• **WORK TASK**:
Taking the data below, please print only the lines from the line holding "The food was" to the line holding "Research revealed 8", inclusive, with pictures omitted.

• **DATA FOR PROCESSING**:
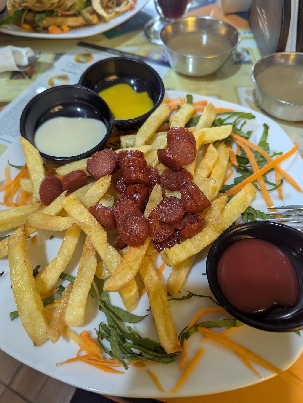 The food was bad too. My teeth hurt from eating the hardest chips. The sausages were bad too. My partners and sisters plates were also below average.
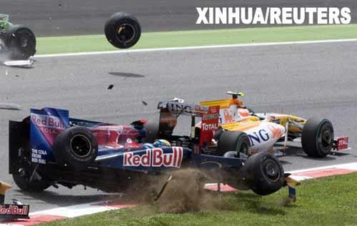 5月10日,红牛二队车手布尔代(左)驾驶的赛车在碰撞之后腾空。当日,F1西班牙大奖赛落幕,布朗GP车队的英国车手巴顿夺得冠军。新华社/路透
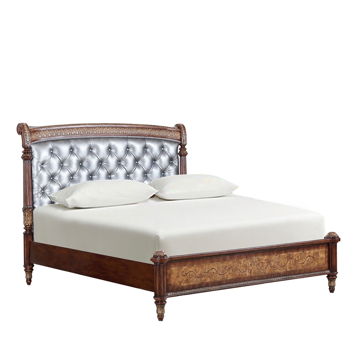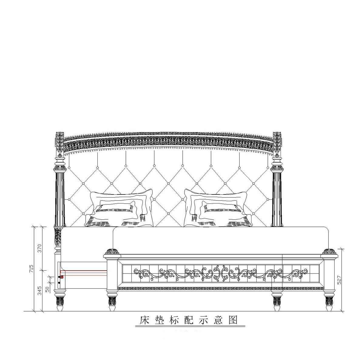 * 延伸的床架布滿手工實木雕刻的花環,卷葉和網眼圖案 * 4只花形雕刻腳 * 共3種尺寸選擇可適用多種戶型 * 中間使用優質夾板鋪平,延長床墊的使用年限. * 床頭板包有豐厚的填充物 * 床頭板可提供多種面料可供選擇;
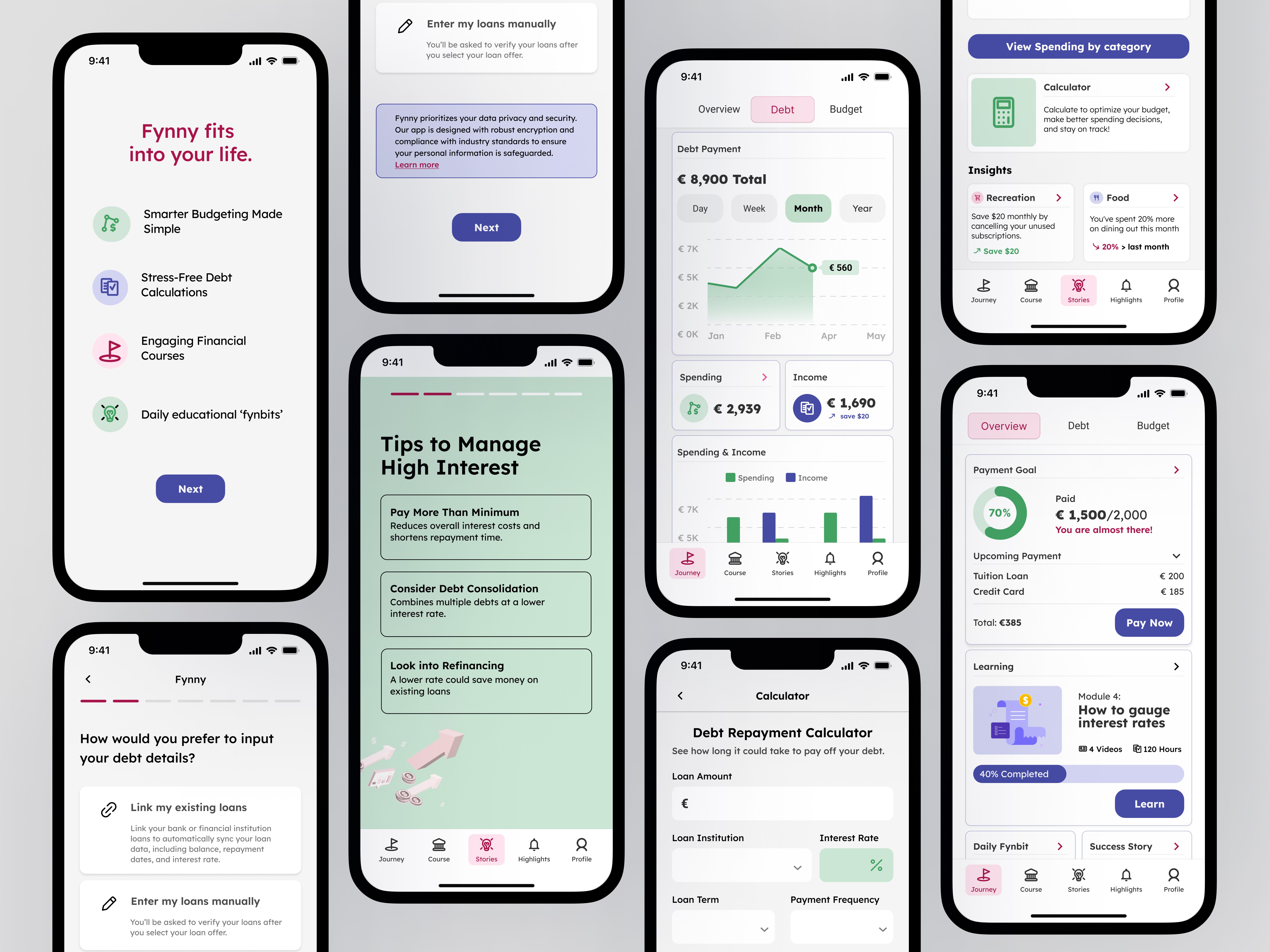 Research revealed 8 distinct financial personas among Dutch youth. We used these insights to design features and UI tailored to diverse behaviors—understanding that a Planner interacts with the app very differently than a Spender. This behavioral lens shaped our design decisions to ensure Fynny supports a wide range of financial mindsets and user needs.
...
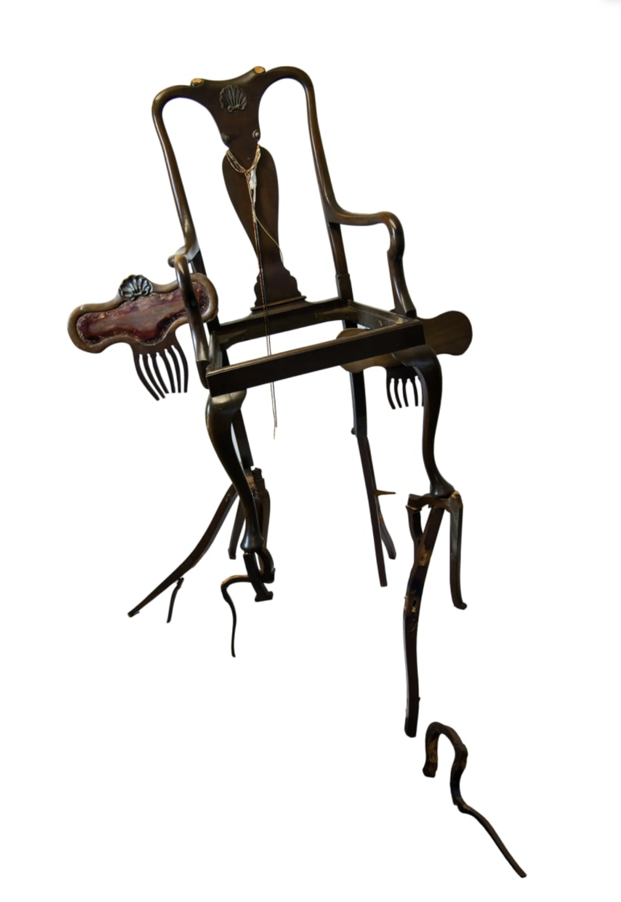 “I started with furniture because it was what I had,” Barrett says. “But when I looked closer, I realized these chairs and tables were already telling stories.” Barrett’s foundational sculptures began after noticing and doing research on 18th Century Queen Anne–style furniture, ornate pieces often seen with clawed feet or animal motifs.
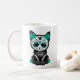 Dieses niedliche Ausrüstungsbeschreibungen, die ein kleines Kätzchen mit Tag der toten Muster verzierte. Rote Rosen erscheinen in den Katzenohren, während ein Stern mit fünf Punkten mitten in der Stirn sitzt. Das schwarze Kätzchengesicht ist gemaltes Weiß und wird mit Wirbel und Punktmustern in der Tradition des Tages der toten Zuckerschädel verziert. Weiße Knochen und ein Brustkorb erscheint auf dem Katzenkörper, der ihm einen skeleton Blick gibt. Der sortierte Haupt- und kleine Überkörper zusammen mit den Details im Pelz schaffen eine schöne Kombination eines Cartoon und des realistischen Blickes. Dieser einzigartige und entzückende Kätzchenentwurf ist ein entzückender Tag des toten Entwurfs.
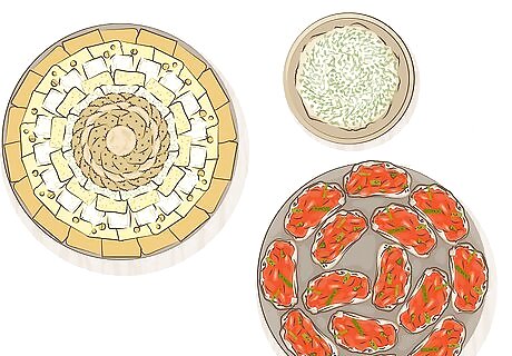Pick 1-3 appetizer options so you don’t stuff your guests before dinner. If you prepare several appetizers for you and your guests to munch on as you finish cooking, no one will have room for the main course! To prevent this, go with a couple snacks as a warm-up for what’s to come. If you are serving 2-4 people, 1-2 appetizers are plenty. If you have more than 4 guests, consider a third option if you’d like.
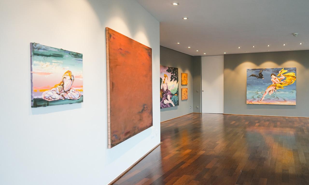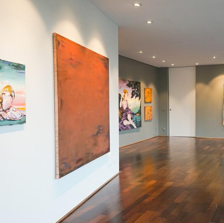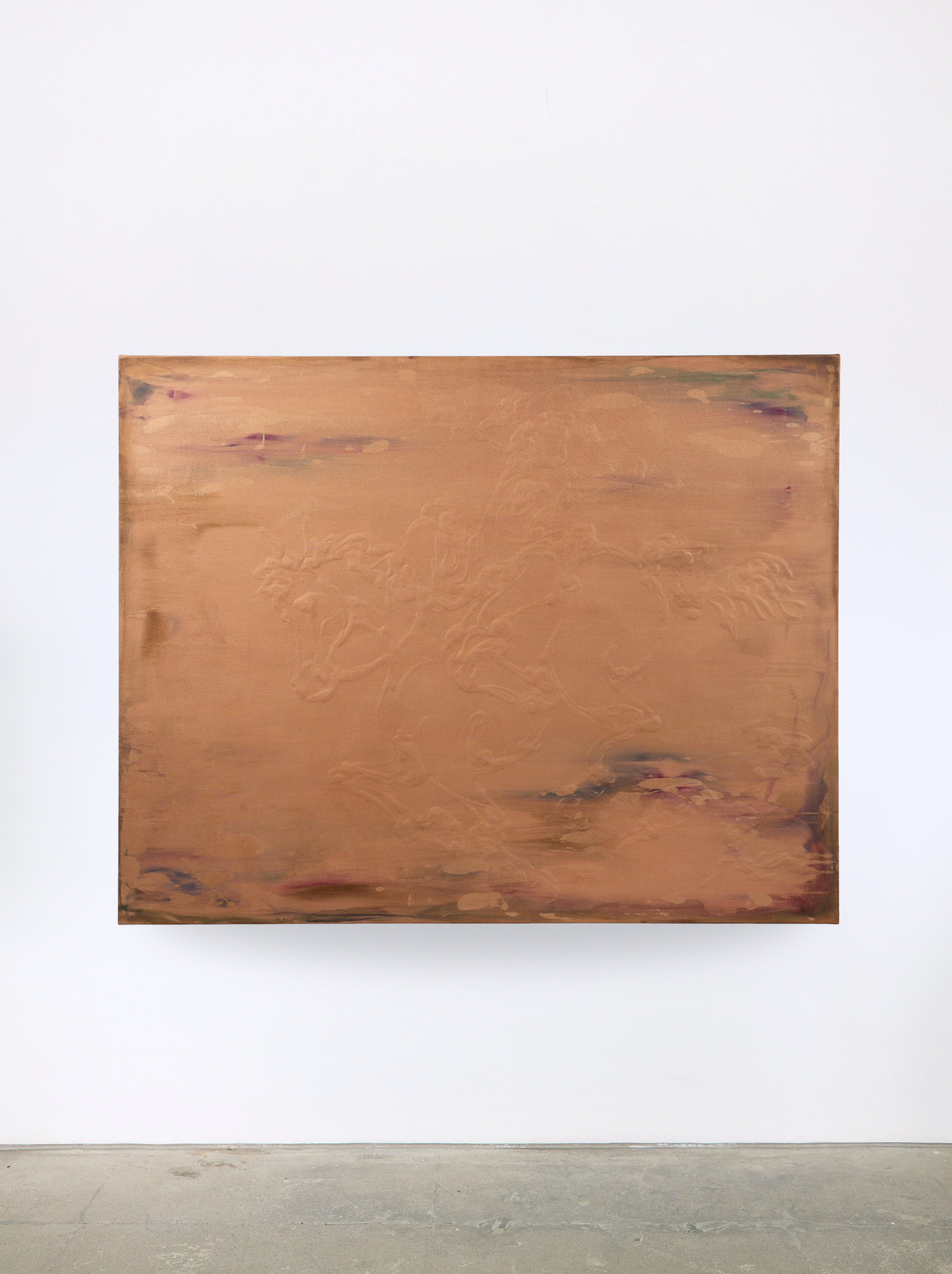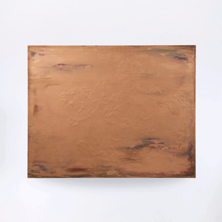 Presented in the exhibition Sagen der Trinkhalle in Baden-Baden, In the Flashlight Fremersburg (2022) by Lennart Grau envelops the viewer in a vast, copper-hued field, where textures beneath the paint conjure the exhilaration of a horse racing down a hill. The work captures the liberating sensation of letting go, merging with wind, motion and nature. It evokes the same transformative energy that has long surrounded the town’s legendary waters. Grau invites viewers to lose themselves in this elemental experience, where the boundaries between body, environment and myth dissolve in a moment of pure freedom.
==
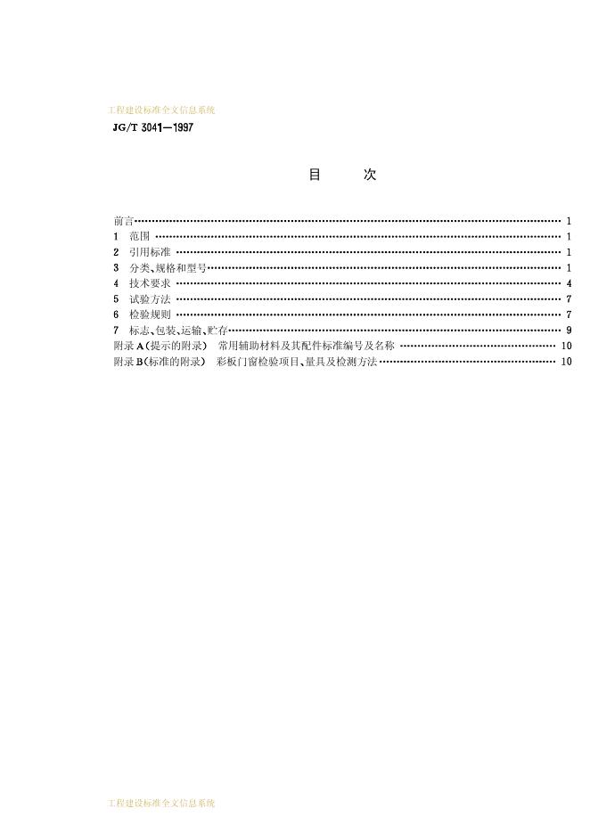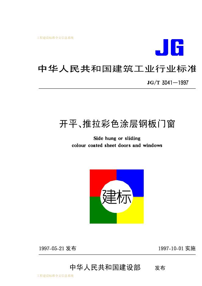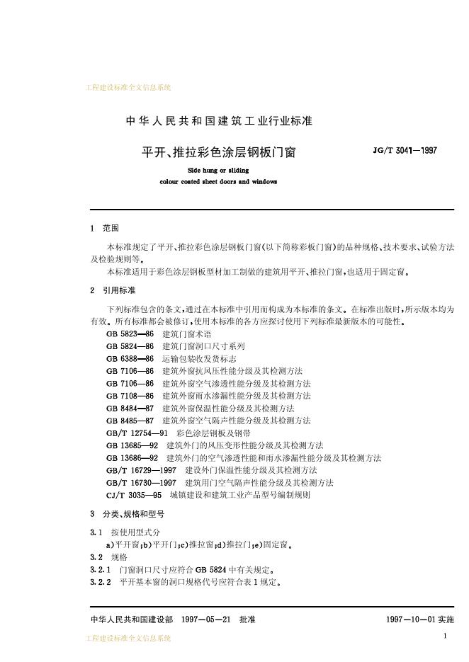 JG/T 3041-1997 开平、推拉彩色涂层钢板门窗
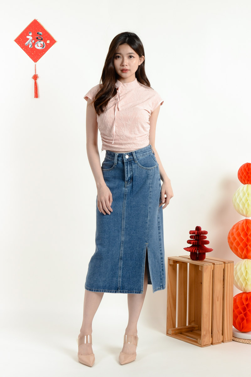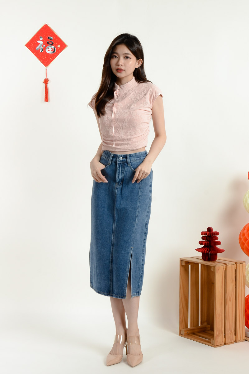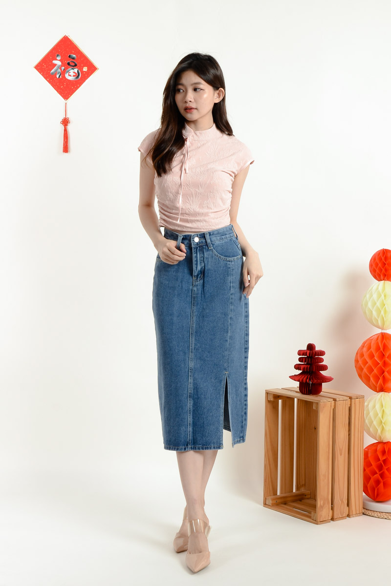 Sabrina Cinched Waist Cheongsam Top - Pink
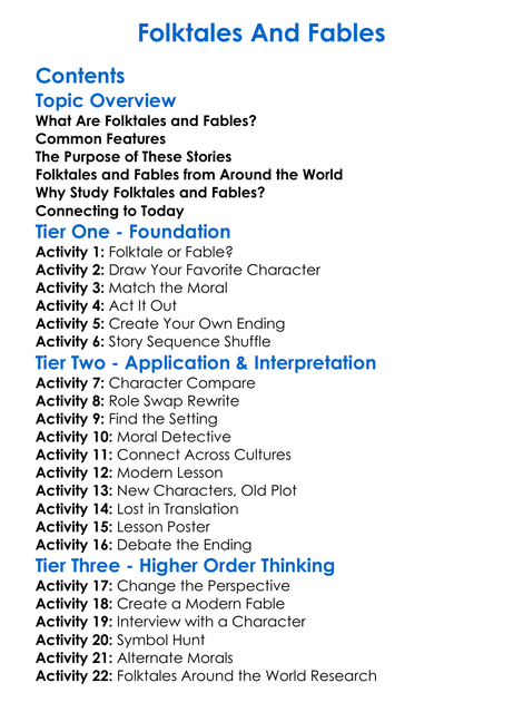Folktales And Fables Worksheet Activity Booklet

• **SOLUTION BELOW**:
 The food was bad too. My teeth hurt from eating the hardest chips. The sausages were bad too. My partners and sisters plates were also below average.
 5月10日,红牛二队车手布尔代(左)驾驶的赛车在碰撞之后腾空。当日,F1西班牙大奖赛落幕,布朗GP车队的英国车手巴顿夺得冠军。新华社/路透
 * 延伸的床架布滿手工實木雕刻的花環,卷葉和網眼圖案 * 4只花形雕刻腳 * 共3種尺寸選擇可適用多種戶型 * 中間使用優質夾板鋪平,延長床墊的使用年限. * 床頭板包有豐厚的填充物 * 床頭板可提供多種面料可供選擇;
 Research revealed 8 distinct financial personas among Dutch youth. We used these insights to design features and UI tailored to diverse behaviors—understanding that a Planner interacts with the app very differently than a Spender. This behavioral lens shaped our design decisions to ensure Fynny supports a wide range of financial mindsets and user needs.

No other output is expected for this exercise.